The report by the Chief Executive Officer (CEO) of the Millennium Challenge Account Liberia (MCAL), MonieCaptan, during a visit to Liberia of the Deputy Vice President of Millennium Compact Challenge (MCC), Kyeh Kim recently, said a further decrease is expected in the next quarter.
Captan noted that Liberia’s Compact is unique in that it did not undergo a pre-implementation stage, but rather went directly into an implementation phase with the Mt. Coffee Project.
He indicated that although the Compact entered into force on January 20, 2016, the MCAL only became fully operational about a year later due mainly to start-up activities such as staff recruitment, facilities acquisition, and the engagement of banking, fiscal and procurement services.
“Despite the one-year lull, we have been able to make good progress in the implementation of the compact,” he added.

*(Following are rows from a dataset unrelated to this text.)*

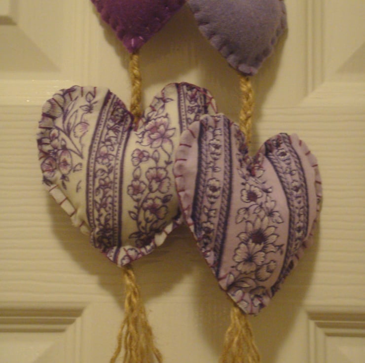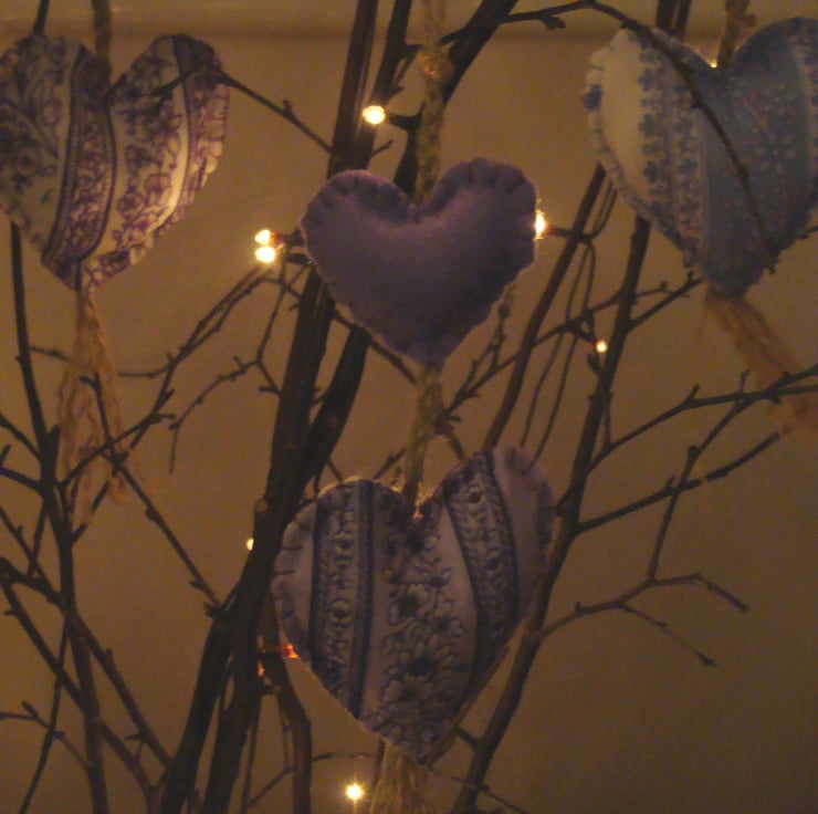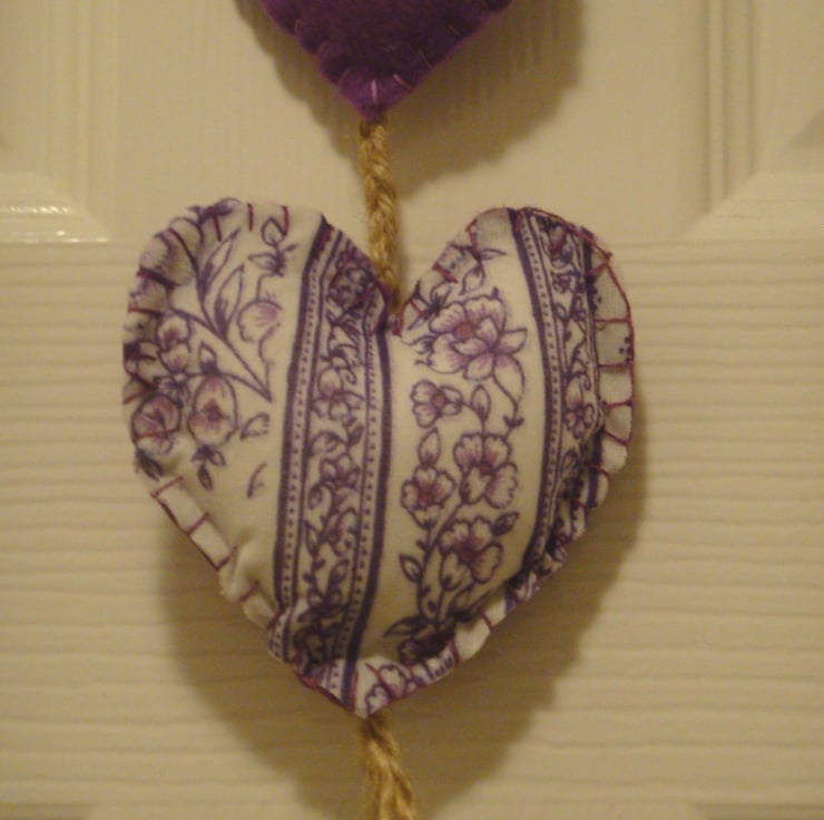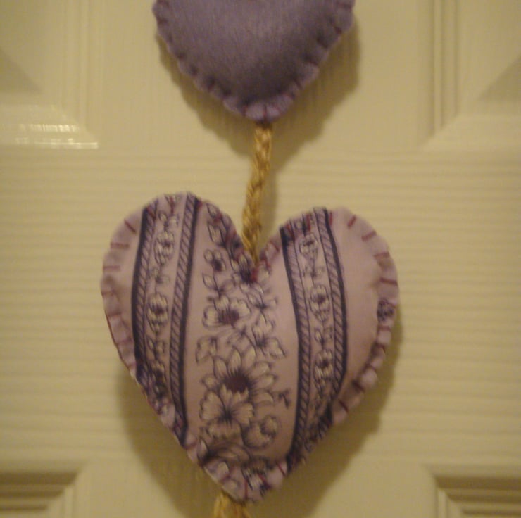 One heart made in Indian cotton, sewn onto a felt backing, and another plain felt heart.
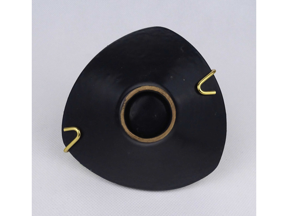 Retro, háromszög alakú, jelzetlen, zöld mázas, réz fogantyús kerámia kis tál, hamutál.
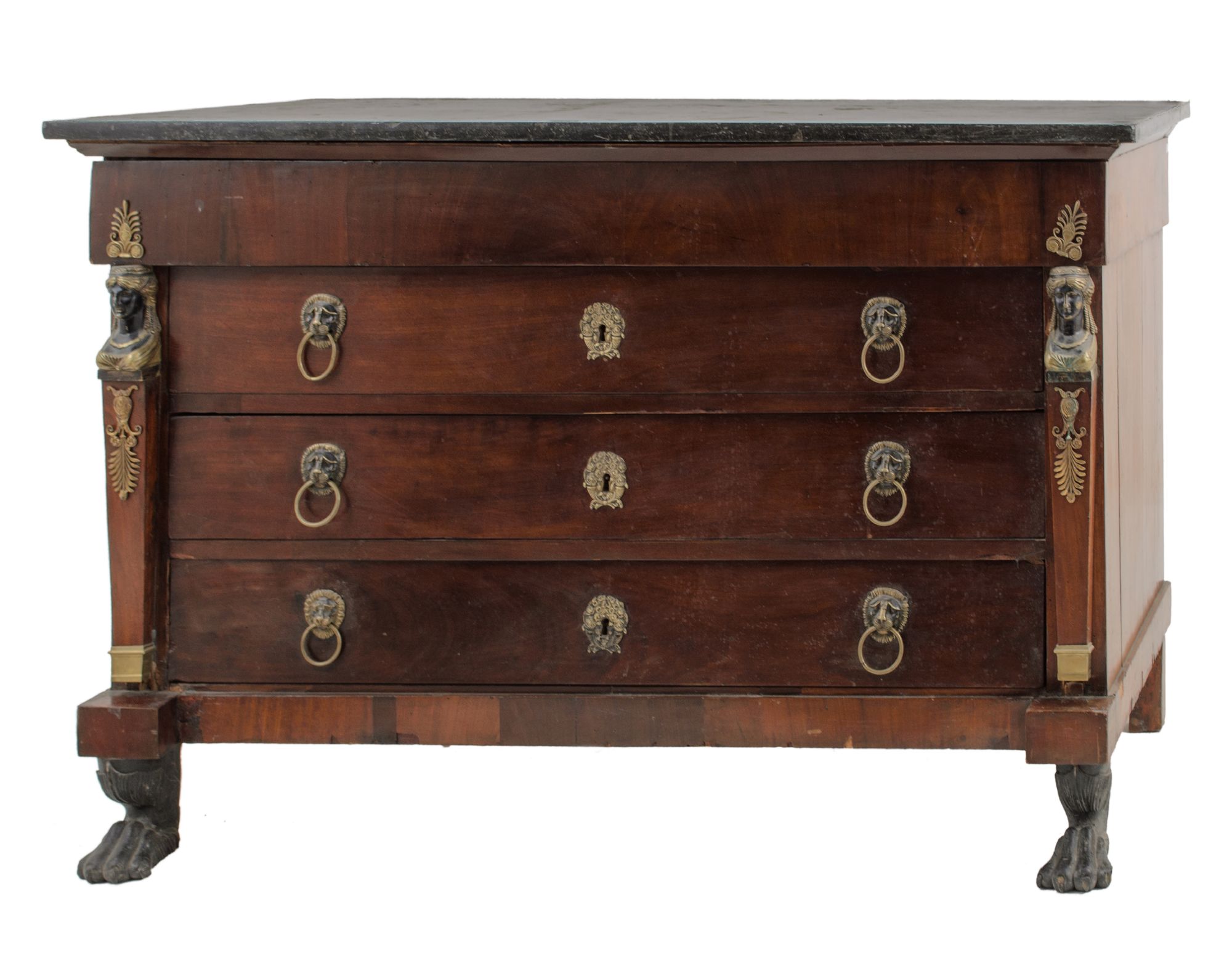 CASSETTONE Impero Retour d'Egypt in mogano a tre cassetti. Toscana primi '800 Misure: cm 130 x 58 x h 83
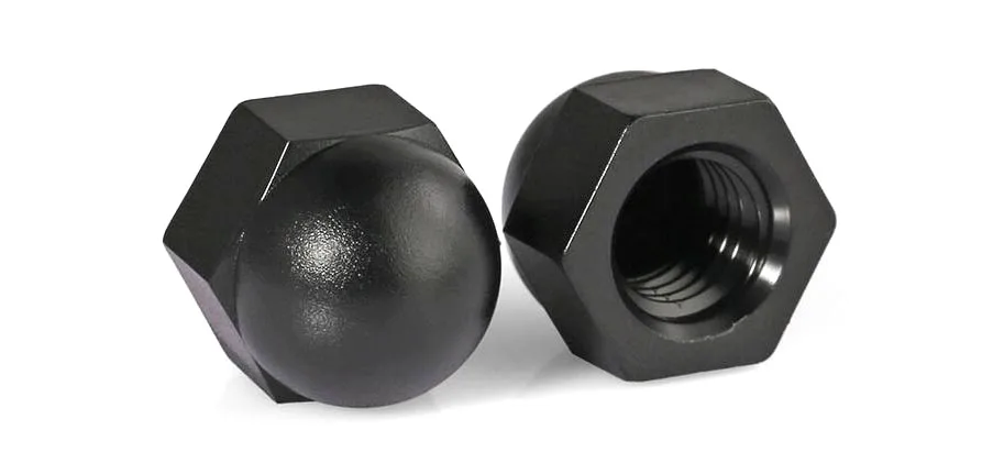 Каждый пластиковый колпачок имеет простую конструкцию: это цельнолитая деталь с полусферической верхней частью и цилиндрической нижней, внутри которой отформован шестигранник для монтажа на головку болта или гайку.
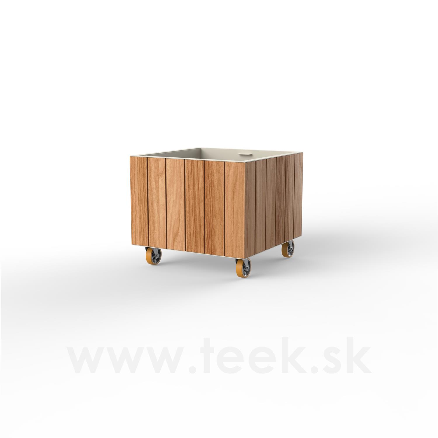 Kvetináč na kolieskach Vineyard, Vondom, štvorec 80x80x71 cm, lakovaný hliník, teakové drevo, farba podľa vzorkovníka
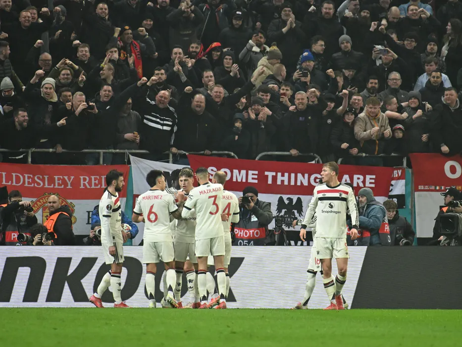 Fotbaliștii englezi printre care Bruno Fernandes, Alejandro Garnacho si Harry Maguire se bucură dupa un gol marcat alături de galerie la meciul de fotbal dintre FCSB si Manchester United, din cadrul UEFA Europa League, desfasurat pe Arena Nationala din Bucuresti, joi 30 ianuarie 2025. © FOTO:Razvan Pasarica/SPORT PICTURES
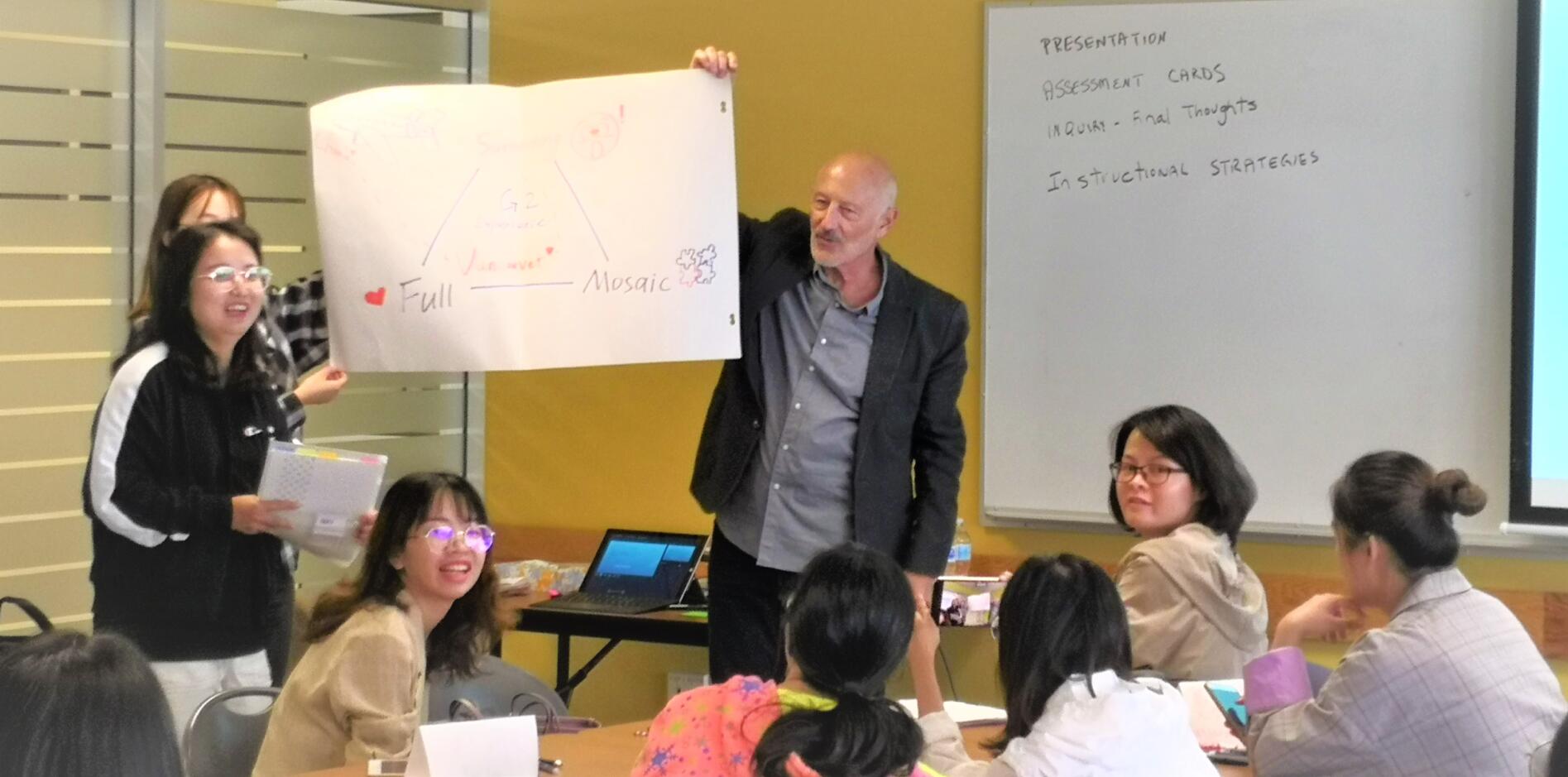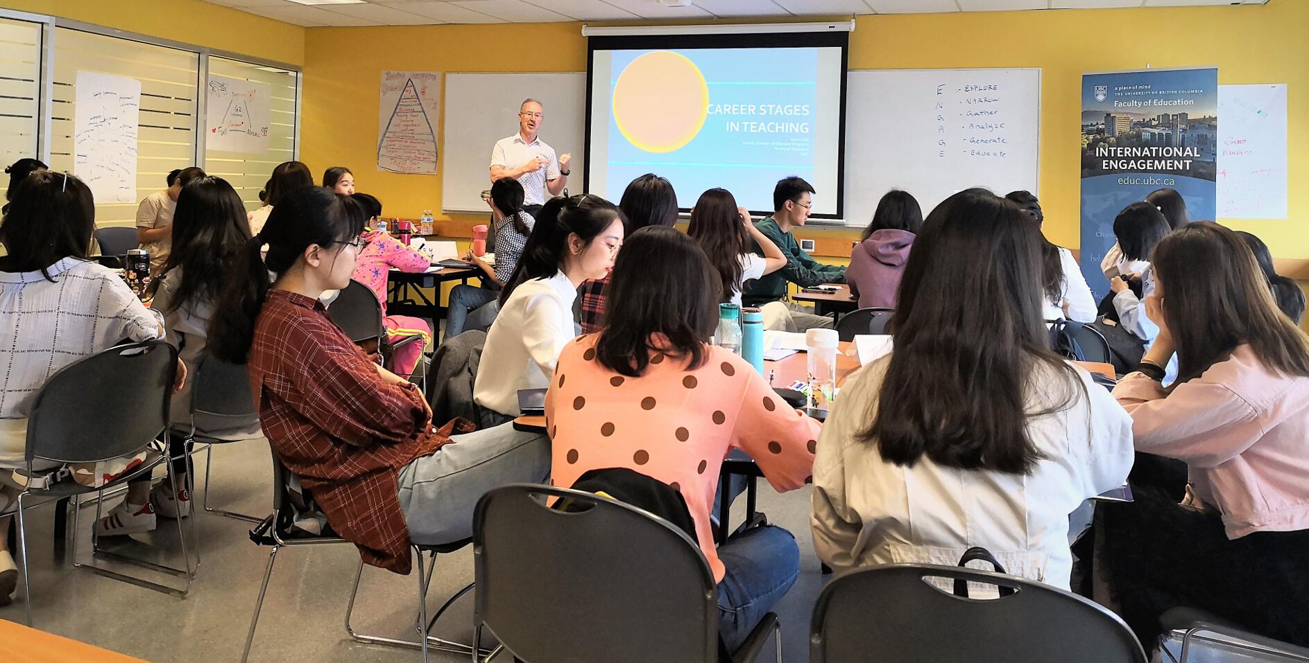 8月13日上午,温哥华学校委员会(Vancouver School Board)前副督学Gary Little为同学们呈现了“教学职业阶段”(Career Stages in Teaching)的主题讲座。凭借丰富的教学和管理经验,借鉴多种教师专业发展阶段理论,Gary深入浅出地阐明了教师在不同教学阶段的主要特点和任务,引发大家对自己未来从教生涯的深思。
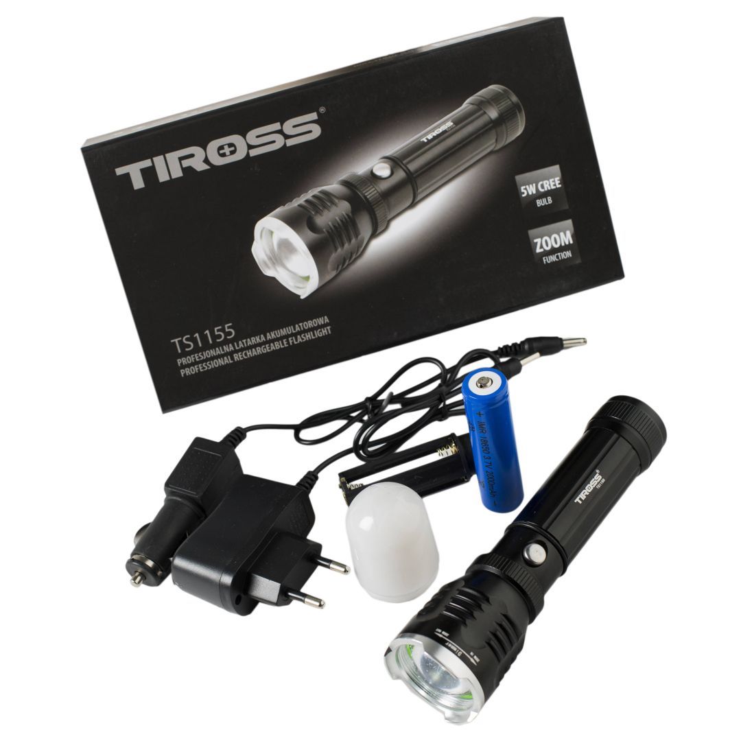 TIROSS CREE TS-1155 on 5W laetav LED akutaskulamp, millel on Zoom funktsioon ning veekindel korpus IPX4. <br /><br />Taskulambil on 3,7V 2000mAh aku, kuid seda on võimalik kasutada ka patareidega. Komplektis on kaasas toa- ja autolaadija.
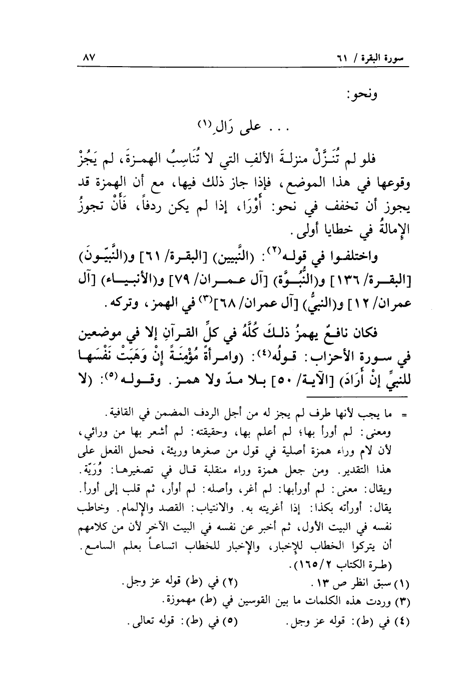 واختلفوا في قوله «2»: النَّبِيِّينَ [البقرة/ 61] والنَّبِيُّونَ [البقرة/ 136] والنُّبُوَّةَ [آل عمران/ 79] والْأَنْبِياءَ [آل عمران/ 112] والنَّبِيُّ [آل عمران/ 68] «3» في الهمز، وتركه.
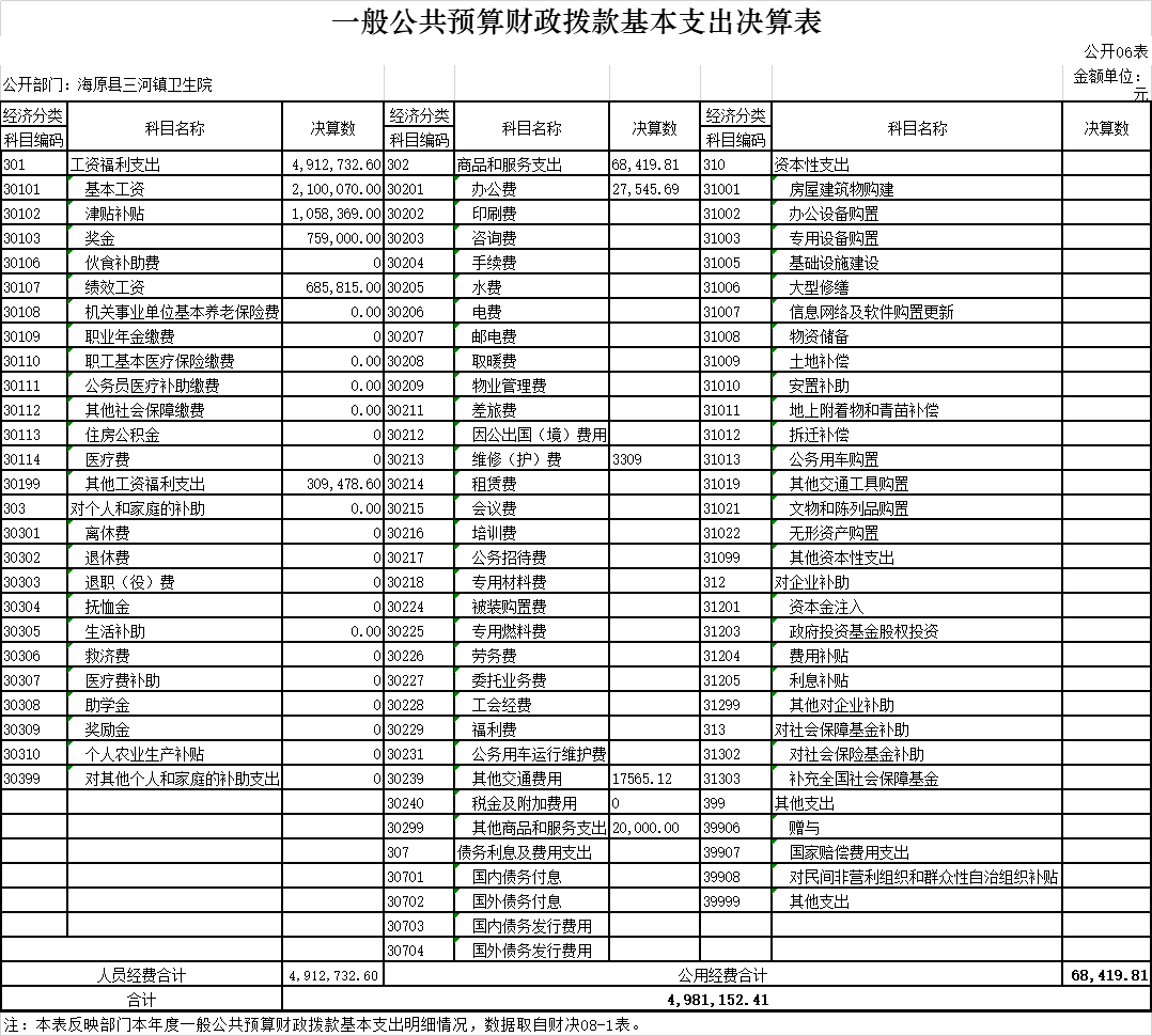 2018年度一般公共预算财政拨款基本支出4981152.41元,其中:人员经费4912732.6元,公用经费68419.81元。支出具体情况如下:

According to Captan, the energy project is well underway with the Mount Coffee Hydro Plant in White Plains outside Monrovia now on line supplying reliable electricity to the national grid, adding that the primary challenge in the energy sector is the slow rate of connection of customers to the grid.
The report indicated that at present, the peak load at the Mount Coffee Hydro Plant in White Plains outside Monrovia is around 20.5 megawatts which represents only a quarter of the full capacity of the plant.
The Liberia Electricity Corporation (LEC) and some of its donor partners, the report continued, have now embarked on a connection campaign to boost the connection numbers and rate, adding that now connected are large customers, including the Royal Grand Hotel, ERA Supermarket, Orange and the Riverview Compound.
“We expect to see better progress in the months ahead,” the report said.